8. The spectral X-ray imaging system of claim 4, wherein, Generating the spectral image comprises: simultaneously reconstructing the first volume image and the second volume image using an iterative one-step inversion algorithm.

9. The spectral X-ray imaging system of claim 1 or 2, wherein, Generating the spectral image comprises generating first image data representing the first material and generating second image data representing a second material; and wherein identifying the position of the first fiducial marker (1801) and the position of the second fiducial marker (1802) in the spectral image comprises applying a feature detection algorithm to the first image data and the second image data, respectively.

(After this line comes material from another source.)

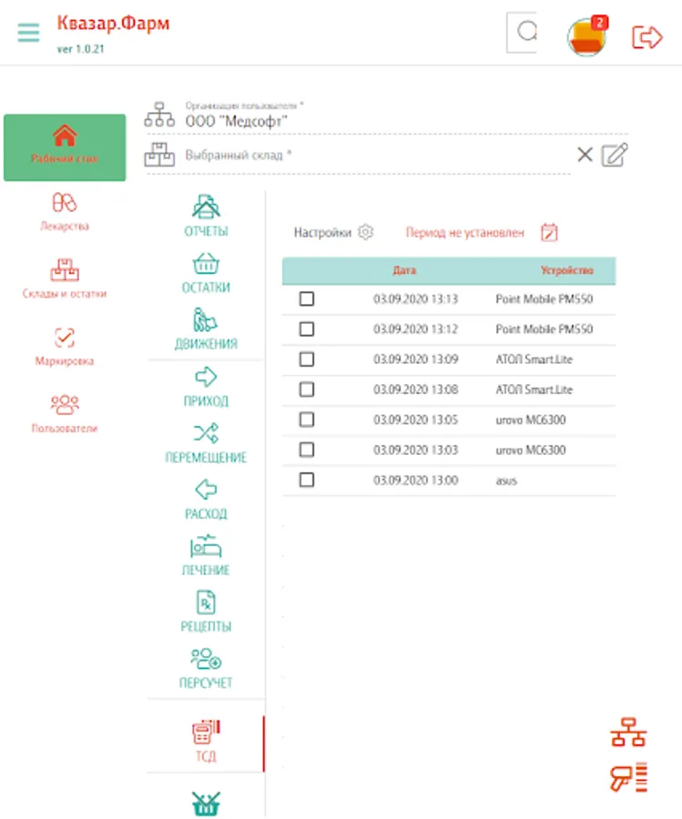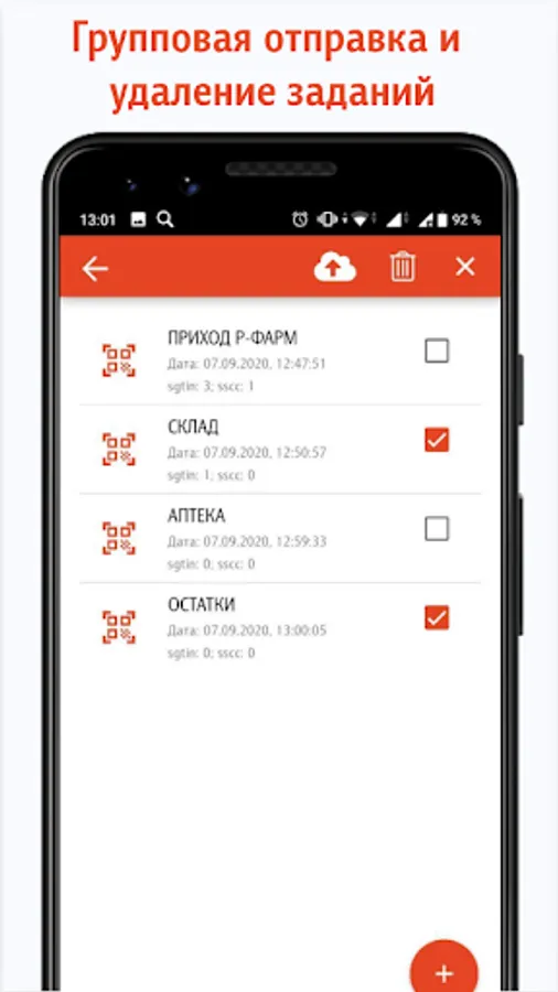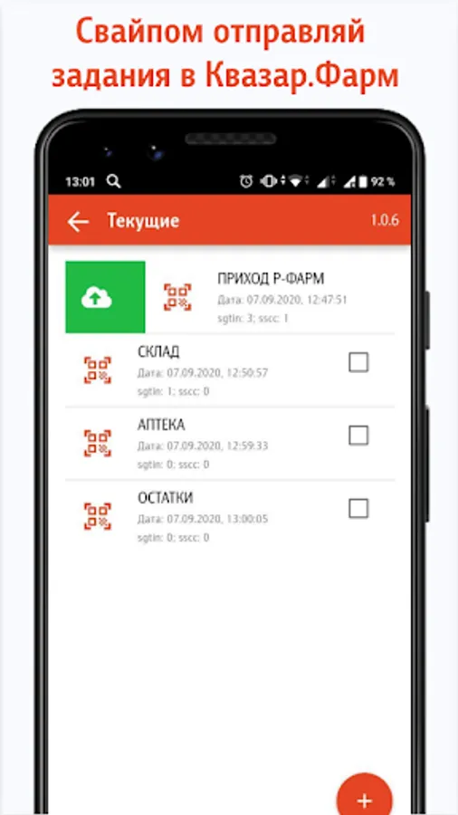 The application allows you to read labeling codes from transport and consumer packages of medicines and transfer data to the Quasar.Pharm system.

10. The spectral X-ray imaging system of claim 9, wherein, Applying a feature detection algorithm to the first image data and / or the second image data comprises at least one of: analyzing the first image data and / or the second image data to determine a position in the spectral image corresponding to a maximum image intensity in the first image data and / or the second image data, respectively; And analyzing the first image data and / or the second image data to determine a position in the spectral image corresponding to a predetermined image intensity pattern in the first image data and / or the second image data, respectively.

11. The spectral X-ray imaging system of claim 9, wherein, Applying a feature detection algorithm to the first image data and / or the second image data comprises analyzing the first image data and the second image data to determine a position and / or orientation of an interventional instrument or implantable device comprising the first fiducial marker (1801) and the second fiducial marker (1802), respectively, in the spectral image based on a model representing X-ray attenuation of the interventional instrument or the implantable device.

12. The spectral X-ray imaging system of claim 1 or 2, wherein, The one or more processors (130) are further configured to cause the system (100) to perform tracking of the positions of the first fiducial marker (1801) and the second fiducial marker (1802) in an interventional imaging procedure.

13. A computer-implemented method of processing spectral image data representing attenuation of X-rays through an imaging region (160) between an X-ray source (110) and an X-ray detector (120) for each of three or more energy intervals (170 1…n ) of X-ray energies; the method comprising: generating a spectral image based on the spectral image data; identifying a position of a first fiducial marker (1801) comprising a first material in the spectral image based on a first X-ray absorption k-edge energy value (1901) of the first material, and identifying a position of a second fiducial marker (1802) comprising a second material in the spectral image based on a second X-ray absorption k-edge energy value (1902) of the second material, the second X-ray absorption k-edge energy value being different from the first X-ray absorption k-edge energy value.

14. An interventional instrument (210) for use with the system of any of claims 1-11, the interventional instrument comprising at least two fiducial markers, at least one fiducial marker comprising a first fiducial marker (1801) comprising a first material having a first X-ray absorption k-edge energy value (1901) and a second fiducial marker (1802) comprising a second material having a second X-ray absorption k-edge energy value (1902) different from the first X-ray absorption k-edge energy value.

15. A kit comprising a first interventional instrument (210) and a second interventional instrument for use with the system of any of claims 1-11; wherein the first interventional instrument (210) comprising a first fiducial marker (1801) comprising a first material having a first X-ray absorption k-edge energy value (1901), and wherein the second interventional instrument comprises a second fiducial marker (1802) comprising a second material having a second X-ray absorption k-edge energy value (1902) different from the first X-ray absorption k-edge energy value.